The practice of large companies incrementally raising premiums for long-term customers on goods and services they provide is known as ‘loyalty tax’, and Australia is particularly notorious for it.

These companies slowly increase margins on their ‘back-book’ (medium to long-term customers), making them more profitable than the more competitive ‘front-book’ (recently acquired customers). They are able to do this because Australia’s distance and scale make it a relatively uncompetitive market, in which companies can leverage their dominance to overcharge.

Tax and bills.
Energy companies have been the first to be targeted by new reforms around ‘loyalty tax’.

In the global context, Australia’s economic environment is becoming even less competitive. Whereas in 2004, Australia was the world’s 9th most competitive economy, today it is the 21st. From this came the moniker ‘treasure island’, an appealing place for businesses to charge customers higher margins than the global norm.

But as anxieties around cost of living in Australia soar, service providers will likely see regulatory reform that impacts business models that take advantage of loyal customers.
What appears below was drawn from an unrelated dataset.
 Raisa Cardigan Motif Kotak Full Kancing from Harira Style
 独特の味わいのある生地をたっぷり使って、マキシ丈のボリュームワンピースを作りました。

Indeed, the ACCC is overtly and publicly penalising providers who short-change customers and fix prices, notably Sony, Kogan and Garuda in recent days.
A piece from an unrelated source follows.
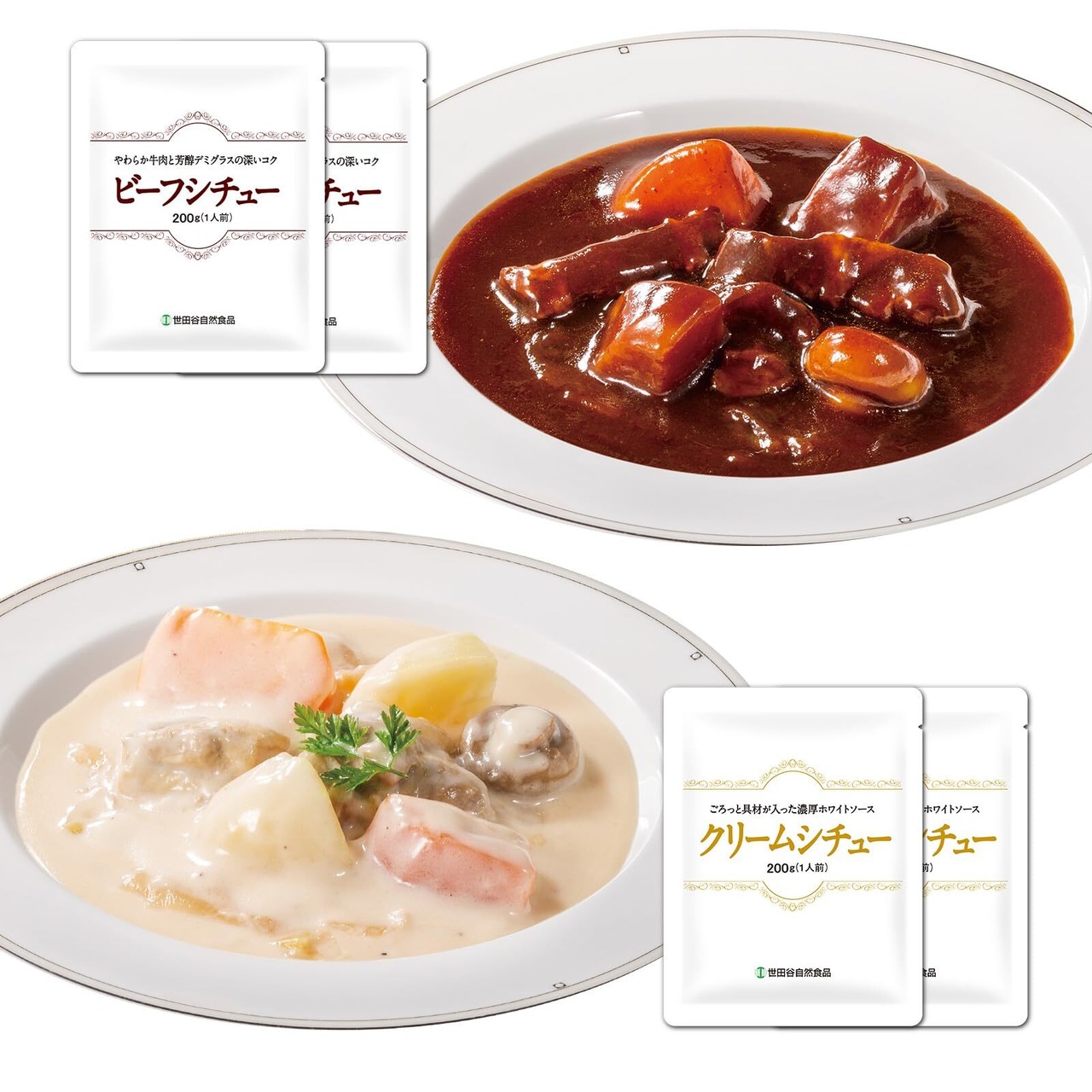 世田谷自然食品 シチュー2種セット 4食入 (2種 × 各2食 200g) 御歳暮 ビーフシチュー クリームシチュー レトルト 具だくさん 野菜 鶏肉 牛肉

If businesses cannot address this practice among their own ranks, they risk serious economic and reputational damage.

A changing tide

Ipsos’ April 2019 issues monitor demonstrates that Australia’s growing cost of living is the most significant concern for Gen Z, Millennials and Gen X in Australia.

In accordance with rising living costs in Australia – especially in cities – an undercurrent of resentment about companies overcharging loyal customers has built into a tidal shift.

In 2017, then Energy Minister Josh Frydenberg compelled electricity retailers to inform customers of the end of their initial discount period and inform them that, if they did nothing, their electricity prices would increase.

The electricity industry has been the first to face serious regulatory reform, but the recommendations in the banking royal commission, based on the finding that large banks were overcharging long-time customers by around $850 a year, indicate that all sectors will be held to account.

No industry is safe from this kind of scrutiny and reform, and the ACCC has been clear and unequivocal: these reforms will damage revenue for companies affected by them.

This provides threats and opportunities for Australian businesses. 

For challenger brands, campaigning to implement these reforms is a cost-effective way to acquire new customers. For established brands, there is significant risk unless they can transition to a model that is not based on slugging loyal customers.

Industry re-regulation will be complex. Aside from re-strategising to enhance revenue in other ways, companies will need to reconsider their regulatory and government affairs strategies and deftly negotiate external and internal communications in times of change.

Consumer-focused messaging must emphasise transparency, accountability, and a people-before-profit mentality. Internal messaging, on the other hand, must manage the potential internal structural changes necessitated by regulatory reforms.

If the government acts to end the loyalty tax in your industry, is it an opportunity or a threat?